Vasco inicia Brasileiro de olho em não repetir erros de outros rebaixamentos

Confira abaixo algumas dicas que a equipe vascaína precisa ter para manter uma distância razoável da zona de rebaixamento.

É inegável que um clube da grandeza do Vasco pede objetivos maiores do que não ser rebaixado. Tanto é que nas palavras de incentivo dentro do vestiário, no discurso para massagear o ego da torcida, o time pode até iniciar o Brasileiro deste ano de olho no topo. Entretanto, na prática, o que a equipe de São Januário precisa é de uma participação sem sustos, a uma distância razoável da zona de rebaixamento. O que vier em seguida será lucro.

Se existe algo bom a ser extraído das três quedas para a Série B são os ensinamentos que as campanhas de 2008, 2013 e 2015 deixaram, da maneira mais dolorosa possível. Há uma cartilha do que não deve ser feito, sob risco de acabar entre os quatro últimos. O Vasco a conhece de cabo a rabo. Basta consultá-la.
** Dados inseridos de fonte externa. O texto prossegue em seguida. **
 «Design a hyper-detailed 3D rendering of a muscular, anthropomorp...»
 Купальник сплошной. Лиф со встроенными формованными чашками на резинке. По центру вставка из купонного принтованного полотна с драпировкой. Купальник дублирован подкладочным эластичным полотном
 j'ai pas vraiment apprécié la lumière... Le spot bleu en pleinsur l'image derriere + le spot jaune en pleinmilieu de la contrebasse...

A primeira regra para não cair é ter confiança no técnico. Se a diretoria o contratou, é preciso ter convicção de que ele pode dar resultado. Nas três campanhas em que foi rebaixado, o Vasco abusou da troca de treinadores. Foram três em cada ano. Em 2008, a equipe começou sendo treinada por Antônio Lopes. Depois, Tita assumiu. Por último, veio Renato Gaúcho. Em 2013, passaram pelo time Paulo Autuori, Dorival Júnior e Adilson Batista. Na última queda, o Vasco iniciou com Doriva, teve Celso Roth e caiu com Jorginho.
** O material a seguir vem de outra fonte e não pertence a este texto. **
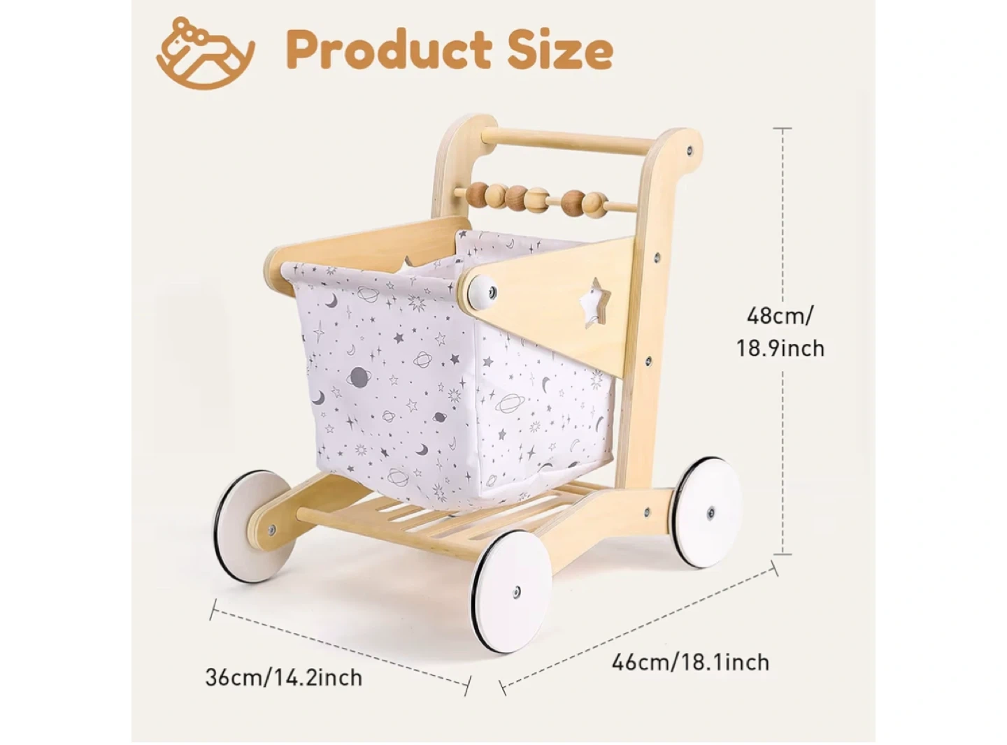 Woodoe Wooden Baby Walker - 1-3 Age-New

Outro ponto fundamental: o Vasco precisa transformar São Januário em uma arma. Nas três vezes que foi rebaixado, o time não conseguiu converter o estádio nonagenário em vantagem. Em 2008, o time teve aproveitamento em casa — sem contar com os clássicos - de 51,1%. Já na campanha de 2013, a taxa foi um pouco melhor: 54,1%. O grande fracasso do Vasco como mandante veio na queda de 2015, quando o time somou apenas 35,2% dos pontos.

Para completar, não deixe para o segundo turno o que você deve resolver no primeiro. Em dois dos três rebaixamentos, o Vasco fez uma primeira metade muito ruim, o que obrigou o time a correr atrás do prejuízo em meio a crise e pressão. Em 2008, o time teve apenas 33,3% de aproveitamento na primeira metade da competição. A reação foi tímida (36,8%) e insuficiente para evitar a tragédia. Já em 2015, a campanha até a 19ª rodada foi de míseros 22,8% dos pontos. Depois, o rendimento foi para 49,1%, mas o estrago inicial havia sido grande demais. Apenas em 2013 o Vasco acabou pior do que começou: 42,1% dos pontos no primeiro turno e 35,8% no segundo.